It is assigned as error that the court, on motion of the appellant, refused to direct a verdict finding the appellant not guilty. It may be said in reference to *516this contention that whether the appellant used reasonable care in furnishing the brake-shoe to the appellee, as a safe appliance with which to do his work, and whether the sliver flew off of the brake-shoe and injured the appellee, as a consequence of a latent or hidden defect in the material or workmanship of the brake-shoe, were controverted questions of fact about which there was a conflict in the evidence, and the refusal of the court, therefore, to direct a verdict was not error.

Error is also assigned on the giving of instructions 1 and 3 for the appellee. The instructions are as follows:

“The court instructs the jury that if you believe from preponderance of the evidence that the defendant was engaged in operating a railroad as a common carrier of inter-state freight and passengers as alleged in the declaration or some count thereof, and that the plaintiff was in the employ of the defendant before and at the time of the injury alleged in the declaration as a car inspector and repairer, and that it was his duty under his employment with the defendant, to inspect and repair the railroad cars, appliances and equipment upon such cars with tools and material provided by the defendant for such purpose, and that the plaintiff was in the exercise of reasonable care for his safety; and while engaged in his employment with the defendant, the defendant negligently provided the plaintiff with a certain brake-shoe which was defective in material and workmanship, to make the repairs on a certain railroad car of the defendant loaded with interstate freight, and in course of interstate transportation, and that the defects in said material were not open and apparent, so that such defects could be ascertained or seen by the plaintiff, and in fitting the brake-shoe and putting the same in position, the plaintiff was injured in manner and form as alleged in the dec^ laration, then you should find the defendant guilty.

*517“The court instructs the jury that if you believe from a preponderance of the evidence that the plaintiff while engaged as an employee of the defendant in repairing the brakes upon a certain railroad car in the possession of the defendant for interstate shipment, used certain material or brake-shoes supplied to him by the defendant to make such repairs, and that the plaintiff used said brake-shoes, so supplied by the defendant to repair said car, and in doing so used the tools supplied by the defendant, and undertook to place said brake-shoe in position according to the usual and effective manner in so doing, and was in the exercise of reasonable care and skill in making repairs and putting said brake-shoe in position, and in so doing, the material of said brake-shoe splintered and broke, and injured and destroyed the sight of the right eye of the plaintiff in manner and form as alleged in the declaration; and if you further believe from the evidence that said brake-shoe was defective and that any defective condition of said brake-shoe could not have been seen or observed by the plaintiff before using the same, by the exercise of reasonable care on his part, and that the defendant was negligent in supplying the plaintiff with said brake-shoe, . then the plaintiff is entitled to recover damages in this case, and in such case you should find your verdict for the plaintiff.”

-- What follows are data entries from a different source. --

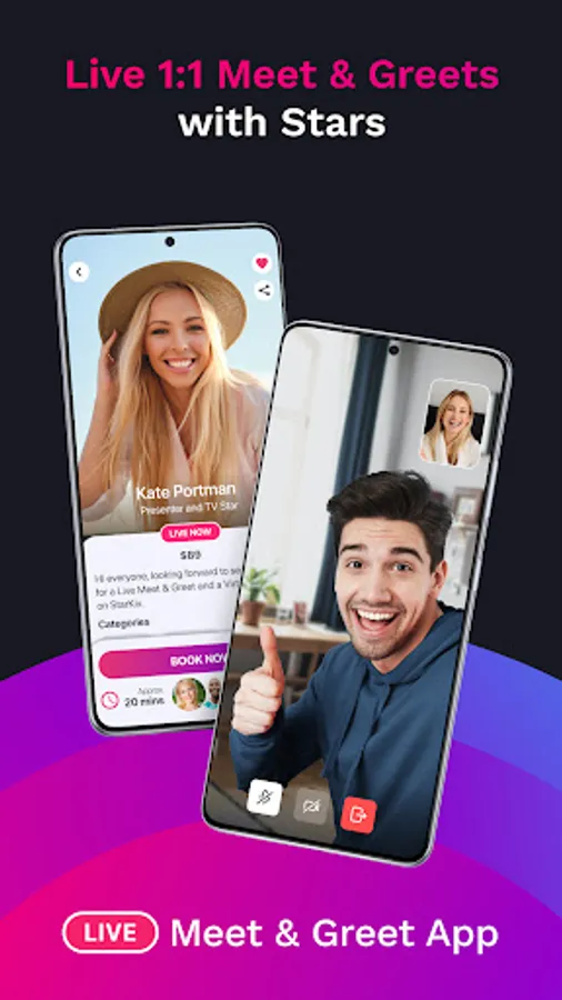 It is no longer necessary to be at a live event to meet with stars. Stars can now come to you Live no matter where you are, allowing you to talk with real stars one-on-one for 5 minutes from anywhere. The fun is better than ever.
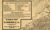 This meticulously detailed illustration showcases Colorado Springs' carefully planned street grid spreading across the high plains, with the majestic Pikes Peak dominating the skyline. Every structure—from grand hotels and sanitariums to elegant Victorian homes and commercial blocks—tells the story of a community built on health tourism, military presence, and silver mining wealth. The map's comprehensive index highlights points of interest throughout the city, offering a window into the landmarks and districts that made Colorado Springs one of America's most fashionable mountain destinations.
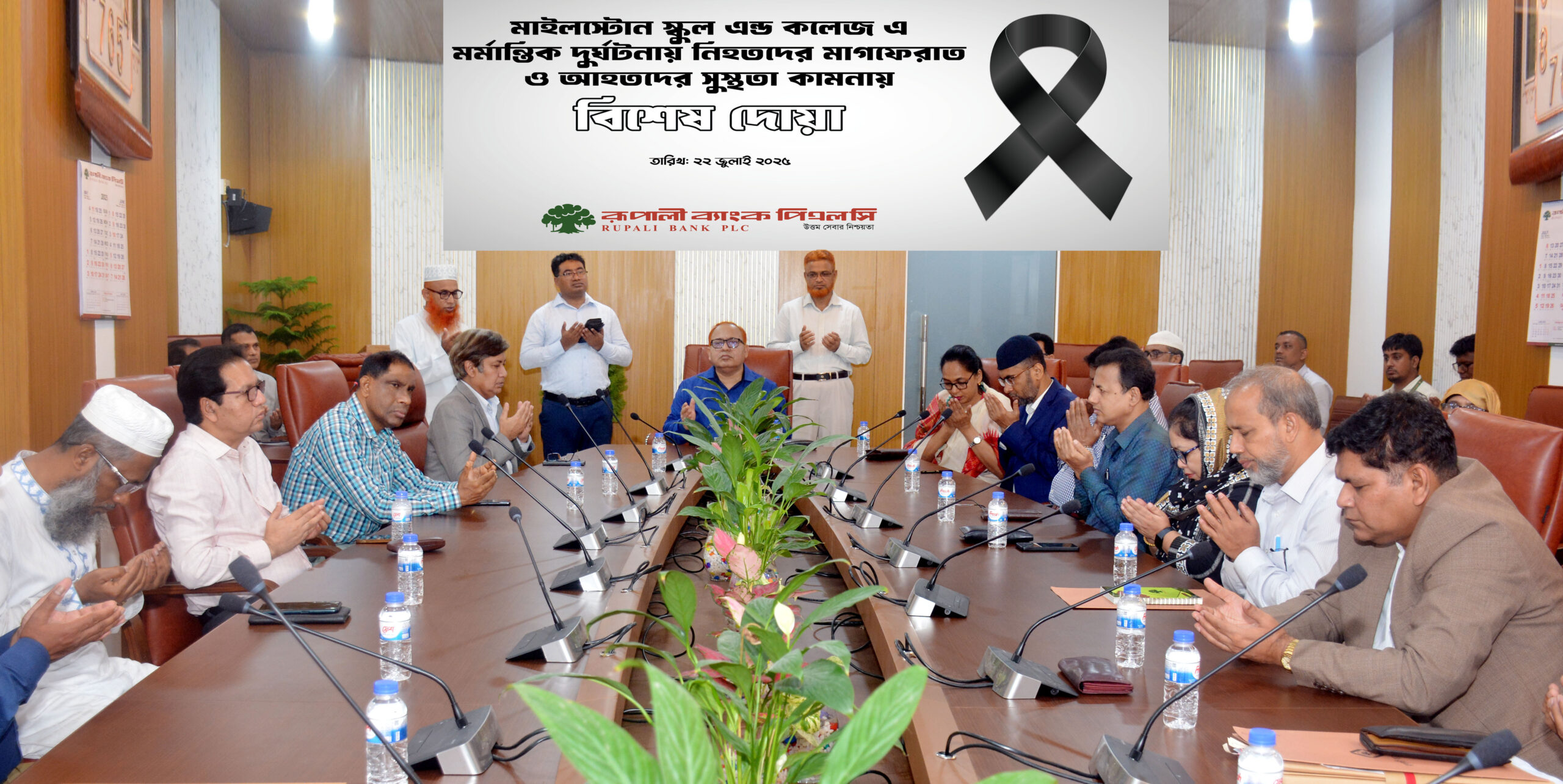 মাইলস্টোন স্কুল অ্যান্ড কলেজে নিহতদের আত্নার মাগফিরাত কামনায় রূপালী ব্যাংকে বিশেষ...

Both of the instructions referred to direct a verdict, and both of the instructions in reciting the elements of proof, necessary to be considered and passed upon by the jury and entitle the appellee to a verdict, fail to direct the jury’s attention to one necessary element of proof which they should pass on, namely, whether the injury to appellee, which came from a sliver flying from the brake-shoe, when appellee was pounding the shoe with a hammer, was caused by the alleged latent, or hidden defect in the material or workmanship of the brake-shoe. This omission could not be supplied *518by merely using the language that “in fitting the brake-shoe and putting the same in position, the plaintiff was injured in manner and form as charged in the declaration. ’ ’ Whether or not it was a latent or hidden defect in the material or workmanship of the brake-shoe that caused the sliver to fly from the brake-shoe when the appellee was hammering it, was one of the vital issues in the case, and a controverted question; hence instructions which purport to recite the necessary elements of proof which the jury should consider and pass upon in finding a verdict in favor of the appellee, should have directed attention to that element of proof, and the failure to do so is reversible error. Cromer v. Borders Coal Co., 246 Ill. 451; Illinois Cent. R. Co. v. Smith, 208 Ill. 608; Bradley v. Vandalia R. Co., 207 Ill. App. 592.

For the reasons stated, the judgment is reversed and the cause remanded.

Reversed and remanded.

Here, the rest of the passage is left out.